In this paper two modified least-squares iterative algorithms are presented for solving the Lyapunov matrix equations. The first algorithm is based on the hierarchical identification principle, which can be viewed as a surrogate of the least-squares iterative algorithm proposed by Ding et al., whose convergence has not been proved until now. The second one is motivated by a new form of fixed point iterative scheme. With the tool of a new matrix norm, the proof of both algorithms’ global convergence is offered. Furthermore, the feasible sets of their convergence factors are analyzed.

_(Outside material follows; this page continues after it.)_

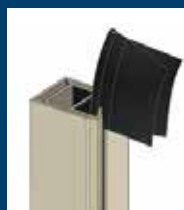
SISTEMA PIOLA GUIADA

Ziptrak® se fabrican a la medida de tus necesidades, para una instalación segura y sin problemas. El sistema puede cubrir amplios espacios para reducir la necesidad de soportes verticales adicionales, y proporcionar vistas ininterrumpidas.

Finally, a numerical example is presented to illustrate the rationality of theoretical results.

## Introduction

Matrix equations are often encountered in control theory [1, 2], system theory [3, 4], and stability analysis [5,6,7]. For example, the stability of the autonomous system $$\dot{x}(t)=Ax(t)$$ is determined by whether the associated Lyapunov equation $$X A + A^{\top }X =-M$$ has a positive definite solution X, where M is a given positive definite matrix with approximate size [8]. In this paper, we are concerned with the following (continuous-time) Lyapunov matrix equations:

$$AX+XA^{\top }=C,$$
(1.1)

where $A∈Rm×m$ and $C∈Rm×m$ are the given constant matrices, and $X∈Rm×m$ is the unknown matrix to be determined.

Obviously, by using the Kronecker product and the vec-operator vec, equation (1.1) can be written as a system of linear equations:

$$(I_{m}\otimes A+A\otimes I_{m})\operatorname{vec}(X)=\operatorname{vec}(C).$$
(1.2)

The order of its coefficient matrix is $$m^{2}$$, which becomes very large when the constant m is large. For example, if $$m=100$$, then $$m^{2}=10,000$$. Obviously, a 10,000 order square matrix requires much more storage capacity than several 100 order square matrices. Furthermore, the inverse computation and eigenvalue computation of 10,000 order square matrix are much more difficult than those of 100 order square matrix.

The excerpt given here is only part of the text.